Nel 1203 frate Abramo, un laico datosi con un compagno alla vita spirituale e alle opere di carità, ottenne dal Vescovo di Bologna Gerardo Ariosti di poter fondare una chiesa nel suburbio di Bologna, fra il fiume Sàvena e la Fossa Cavallina, su terreno offerto dai fratelli Bonacausa e Opizzino Alamandini, con la condizione di pagare ogni anno al Vescovo il controvalore di una libbra di pepe in riconoscimento dell’autorità episcopale. Meno di un anno dopo, la chiesa doveva essere già a buon punto poiché nel testamento di certo Alberto Faxeolus del 15 aprile 1204 vi è un lascito di cinque soldi alla chiesa di S. Antonio. Negli stessi anni venne costruito, ad opera di frate Abramo e di quelli che si erano raccolti intorno a lui, un ponte sul fiume Sàvena con annesso hospitale per alloggio di viandanti, che restò in funzione fin verso la fine del secolo XIII.
Nel 1213 il Vescovo di Bologna donò al Capitolo della Cattedrale i diritti che gli spettavano sulla chiesa, ponte ed ospedale che frattanto, scomparso o partito frate Abramo, furono gestiti da una società laicale presieduta dal rettore della chiesa don Guido. A metà del Duecento, per graduale sostituzione dei membri della società laicale con ecclesiastici, si costituì una “collegiata”, cioè una comunità di chierici secolari formata da un priore e tre canonici. Allo stesso tempo risale la costituzione della cura d’anime, cioè della qualifica parrocchiale della chiesa. La collegiata di S. Antonio fu soppressa nel 1380 e unita al Capitolo della Cattedrale di Bologna; tale unione, però, divenne effettiva solo nel 1484, quando il Capitolo, in forza di una bolla di papa Sisto IV, poté prendere effettivo possesso della chiesa e nominarne il parroco col titolo di “vicario perpetuo”. Nel 1877 il Capitolo rinunziò i suoi diritti sulla chiesa di S. Antonio all’Arcivescovo di Bologna a cui, da quel momento, spettò la nomina del parroco. Nel 1915, in seguito alla grande espansione del tessuto urbano avvenuta ai primi del Novecento, la chiesa di S. Antonio fu dichiarata parrocchia urbana e come tale celebrò la sua prima decennale eucaristica nel 1924. Dal 1963 al 1995 la parrocchia è stata affidata ai religiosi Agostiniani; ora è nuovamente affidata al clero diocesano.
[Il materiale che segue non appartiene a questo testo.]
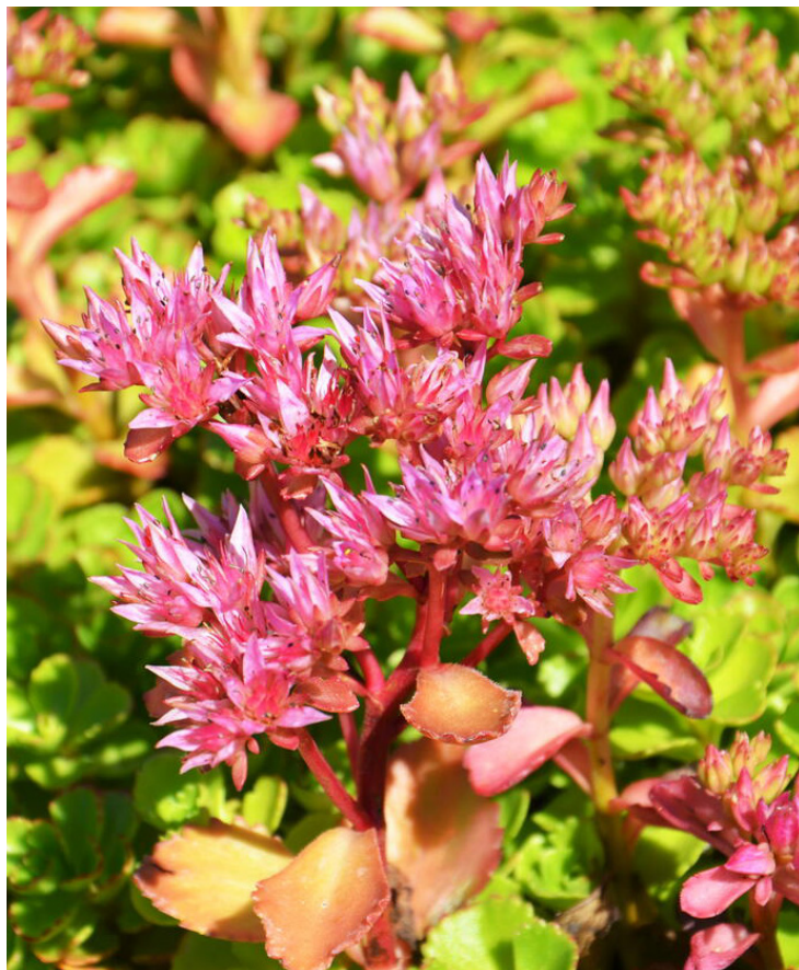
Sedum spurium ‚Voodoo‘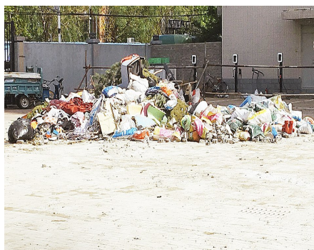
杨庄街道世纪星城东北角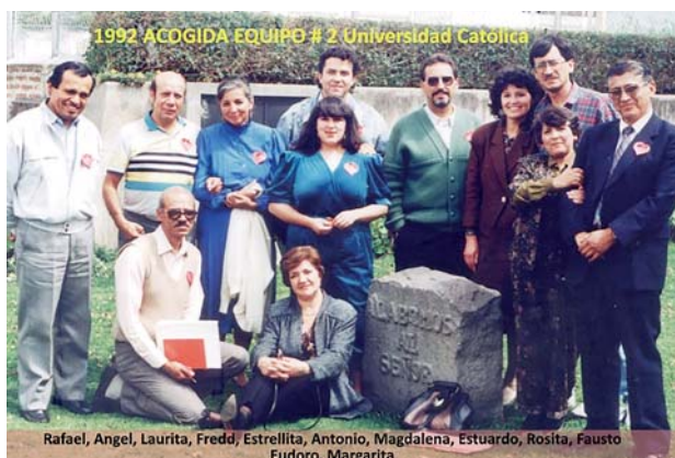
Ecuador. Équipe No. 2 di Quito, 1992.

Dopo una giornata di formazione a Bogotá, a cui sono state invitate coppie dell'équipe Quito1 e del loro CS nel 1991, si è formata l'équipe 2 con le coppie legate al Don Bosco Technical College e nel 1992 sono state inte-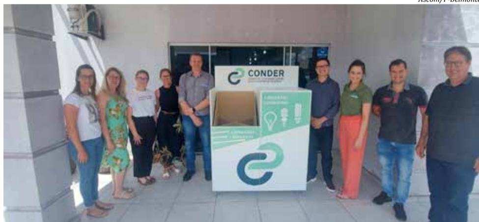
Convênio foi assinado no final da semana passada

ciclagem de lâmpadas é desenvolvido pelo Conder, com apoio do Ministério Público de Santa Catarina (MPSC), Instituto do Meio Ambiente (IMA), Programa Penso, Logo Destino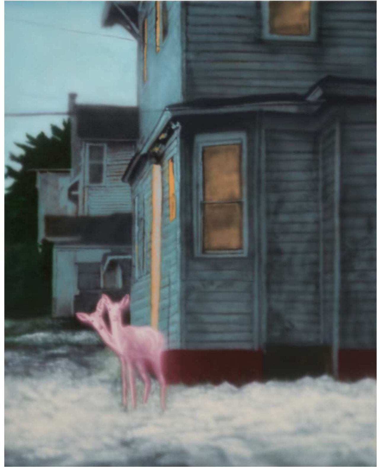
HOLY 홀리 2024 Acrylic on canvas 90.9 x 72.7 cm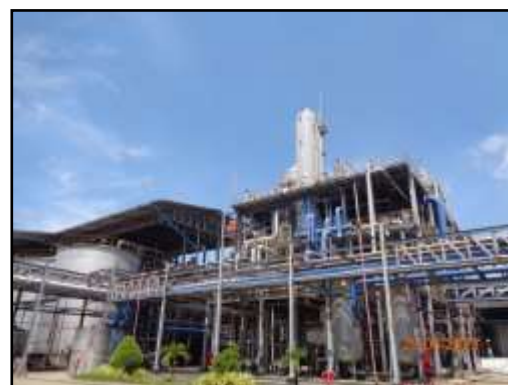
รูปที่ 2-15 ถังหมัก หอกลิ้น และหอกำจัดน้ำที่เป็นระบบปิด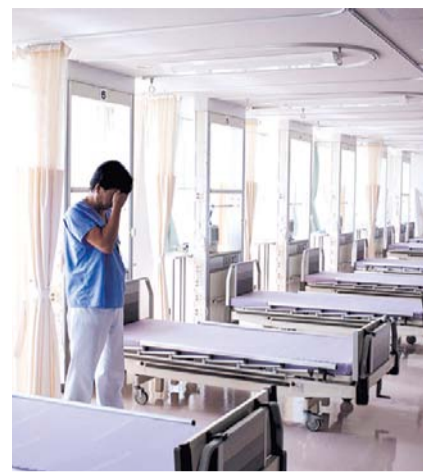
НА ФОТО: ИТОГИ РЕФОРМ: ЛЕЧИТЬСЯ ДОРОГО, ДОВОЛЬНЫХ НЕТ

Второе место. Нарушения в области выбора медицинской организации для наблюдения или лечения: пациенты рассказывали о частых необоснованных отказах в направлении из поликлиники по месту прикрепления в федеральные лечебные учреждения. Жаловались на то, что им отказывали в прикреплении к медицинской организации в связи с отсутствием документа, подтверждающего смену места жи-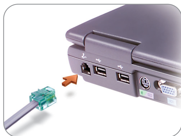
Modem Option モデムオプション 调制解调器选件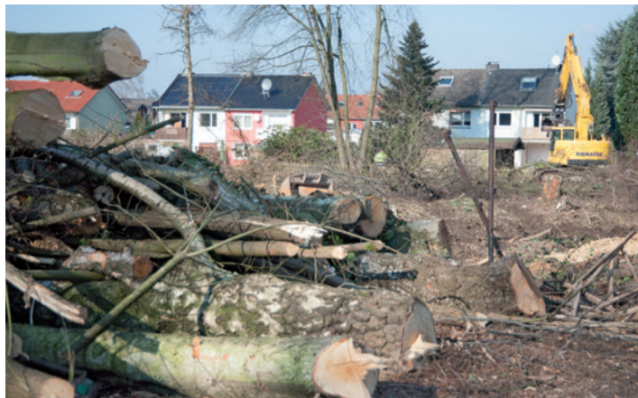
Die Fläche ist gerodet, bald werden hier Häuser gebaut.

An der Bäreendorfer Straße soll endlich gebaut werden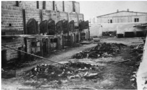
KL Majdanek – залишки обвуглених останків, які лежать біля печей крематорію; липень 1944 р. після визволення табору (IPN)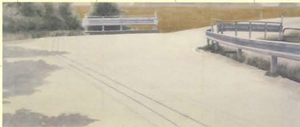
山田健治「在る日の風景」2009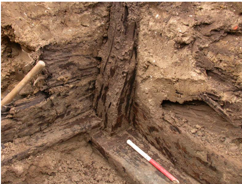
D067 den lodrette stolpe fastlåser konstruktionen af brøndkassen

Den ene af de to brønde havde bevaret det nederste af en firkantet brøndkasse. Brøndkassen var ca 2,5 x 2,5 m og bestod nederst af flækkede stammer liggende på den runde side og med den flade side op. I begge ender af de flækkede stammer var der en firkantet udskæring og hele trækonstruktionen blev låst sammen af en lodretstående stolpe i hvert hjørne. Oven på det nederste skifte var sat kantstillede planker, bevaret i op til 3 lag, som har udgjort selve brøndkassen. Plankerne var ikke fastgjort til de lodrette stolper, men sad udelukkende i spænd mellem disse og nedgravningskanten til brønden.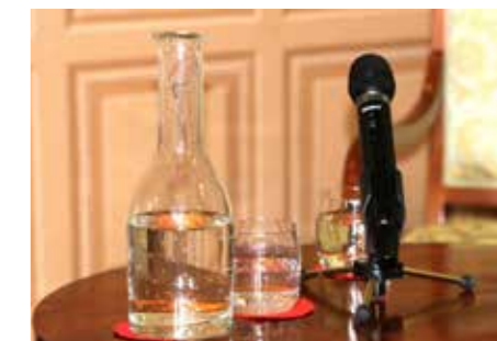
Natočimo si čistega ... no, čiste zdrave vode.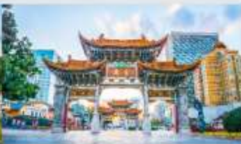
ประตูน้ำทองไก่อ๋หยก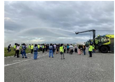
昨年の滑走路ウォークの様子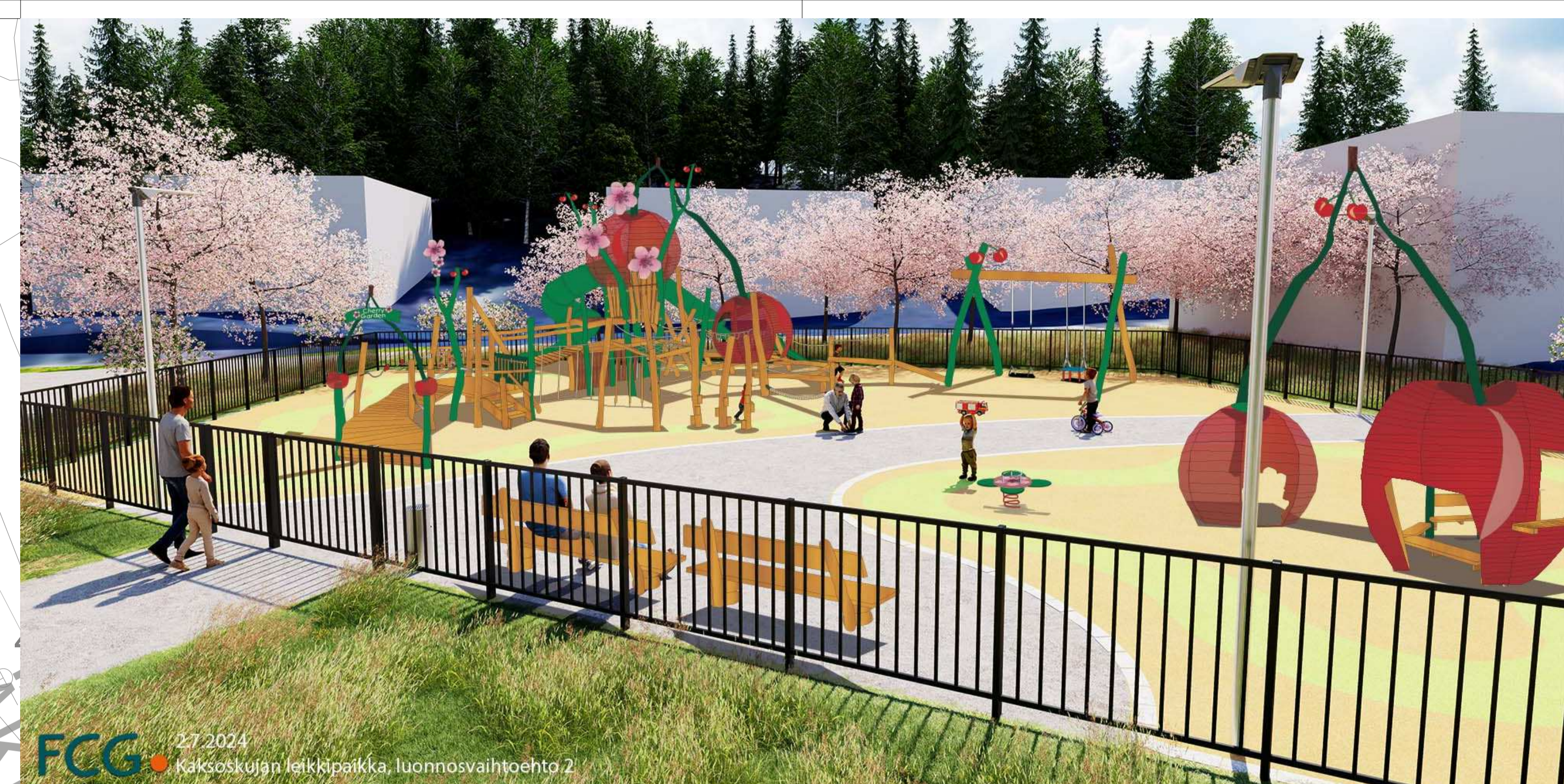
FCG 27.2024 Kaksosmäen leikkipaikka, luonnosvaihtoehto 2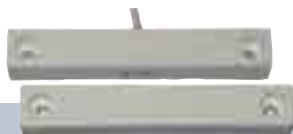
Kontakty (drzwiowe / okienne)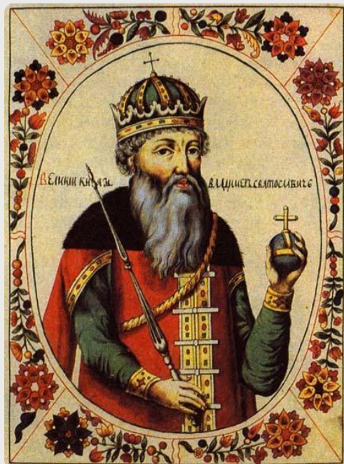
Владимир Красное Солнышко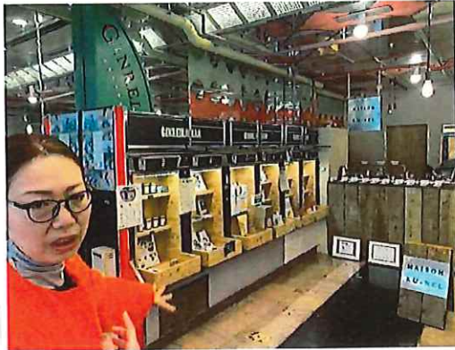
^2 パチンコ台の場所を商品棚等に改装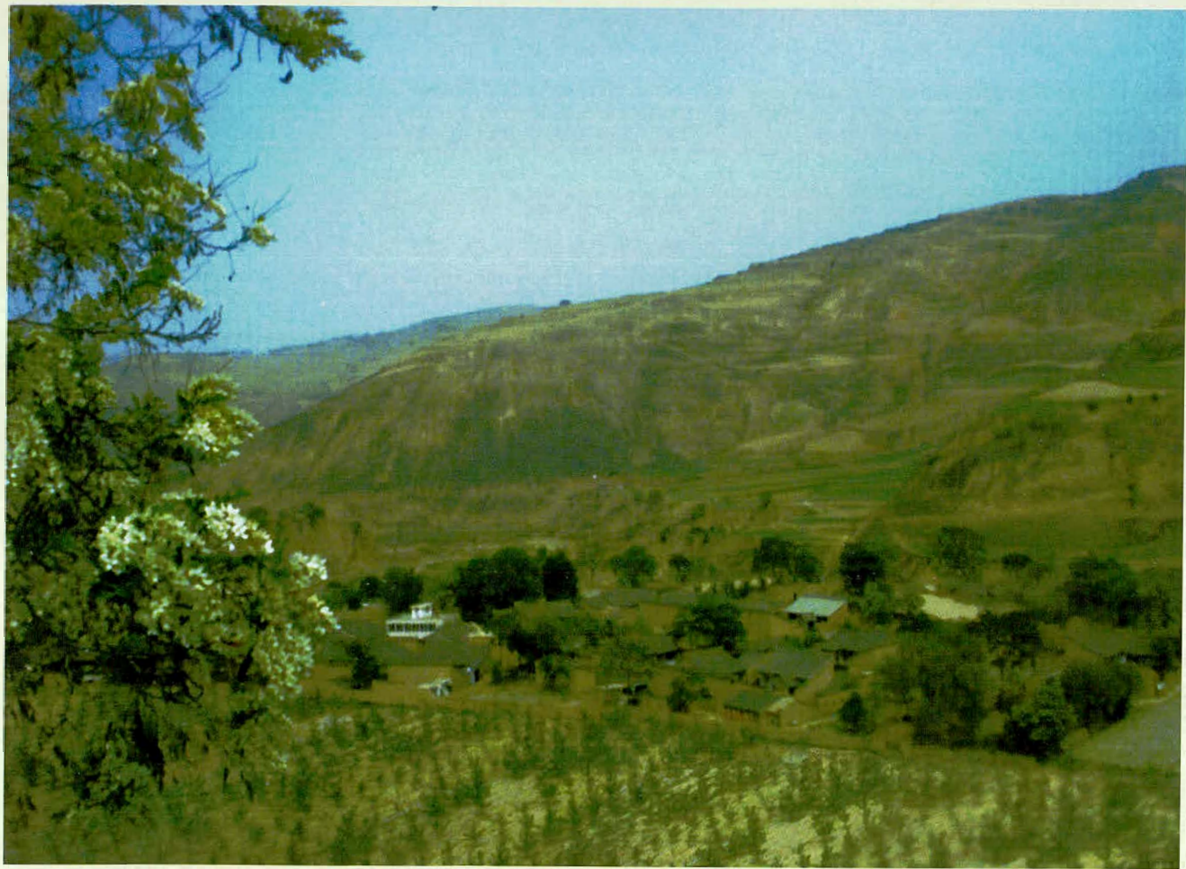
箎 箎 城 古 战 场 今 貌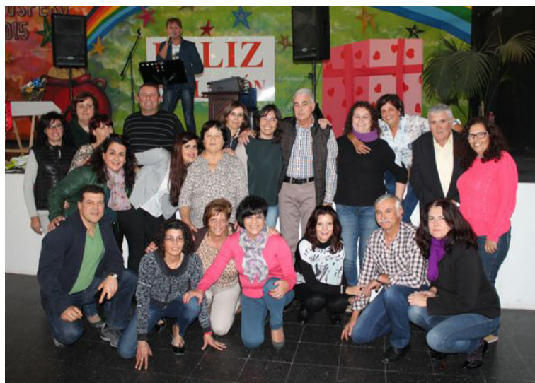
Trabajadores del ayuntamiento de Haría junto a los jubilados.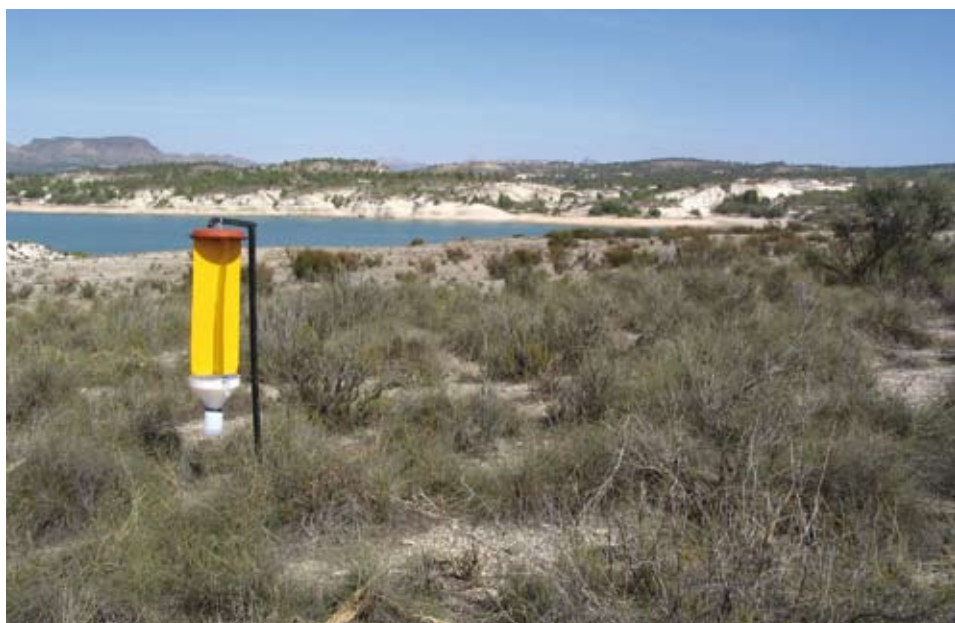
Fig. 2.- Trampa de intercepción de vuelo tipo ventana (TIV) colocada en la unidad de muestreo 13.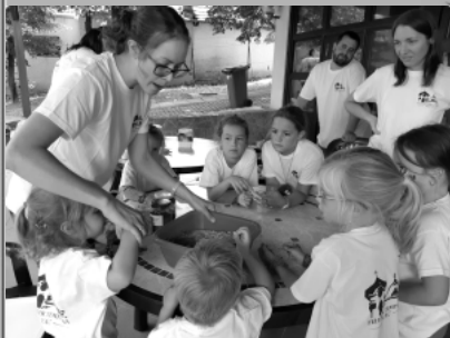
családos lelkigyakorlat Leányfalu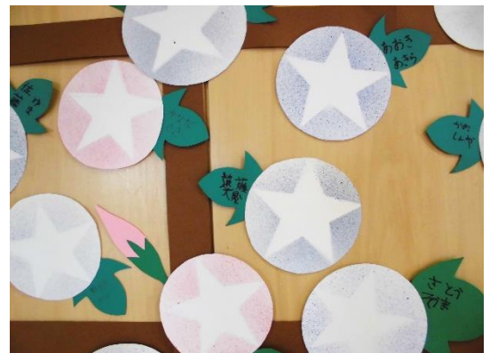
【あさがおのスパッタリング】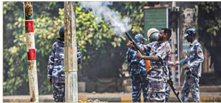
الامن السوداني يستخدم الغاز المسيل للدموع لتفريق محتجين على الانقلاب

أعلنت لجنة أطباء السودان المركزية، أمس الاثنين، مقتل متظاهر إثر إصابته بطلق ناري في الاحتجاجات التي شهدتها العاصمة الخرطوم، للمطالبة بالحكم المدني.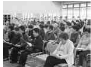
熱心にメモをとる人も・・・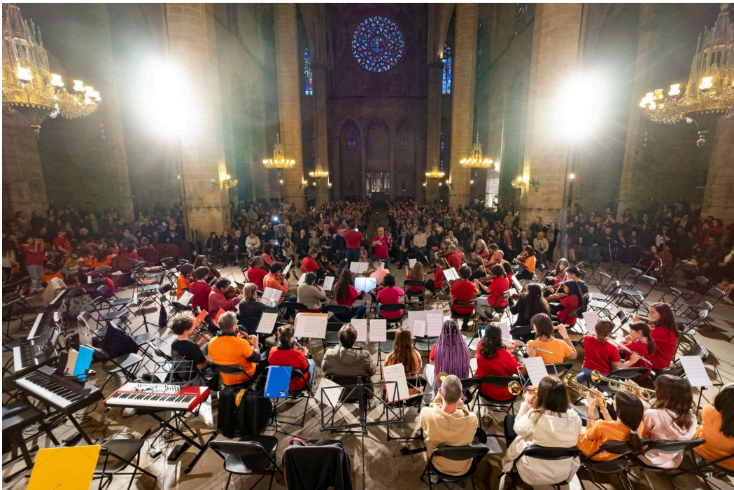
Concert la Riborquesta fa òpera. Església de Santa Maria del Mar. Març 2024.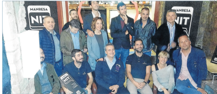
Representants de diferents locals de Manresa, que ja s'han associat

A dia d'avui en formen part 9 dels 15 locals d'aquestes característiques existents a Manresa. ■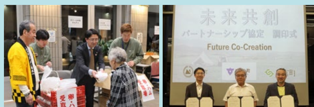
(左) 百三十周年事業の参加者景品を配布している様子 (右) 宮崎県すさみ町、和歌山新富町との未来共創パートナーシップ協定調印式の様子

「みんなが輝くまち かみかわ」をスローガンとして取り組みを行ってまいります。これは町民の皆様が充実した生活を送ることで、いきいきと元気に過ごせる地域になることを目標としています。

La più antica chiesa di S. Antonio, costruita all’inizio del Duecento in forme romaniche, aveva le stesse dimensioni della navata attuale, con muri esterni adornati di lesene che vennero mantenute e raccordate con archi a pieno centro, come tuttora si vede all’esterno, quando l’edificio fu parzialmente ricostruito, aumentandone l’altezza, fra il 1422 e il 1455.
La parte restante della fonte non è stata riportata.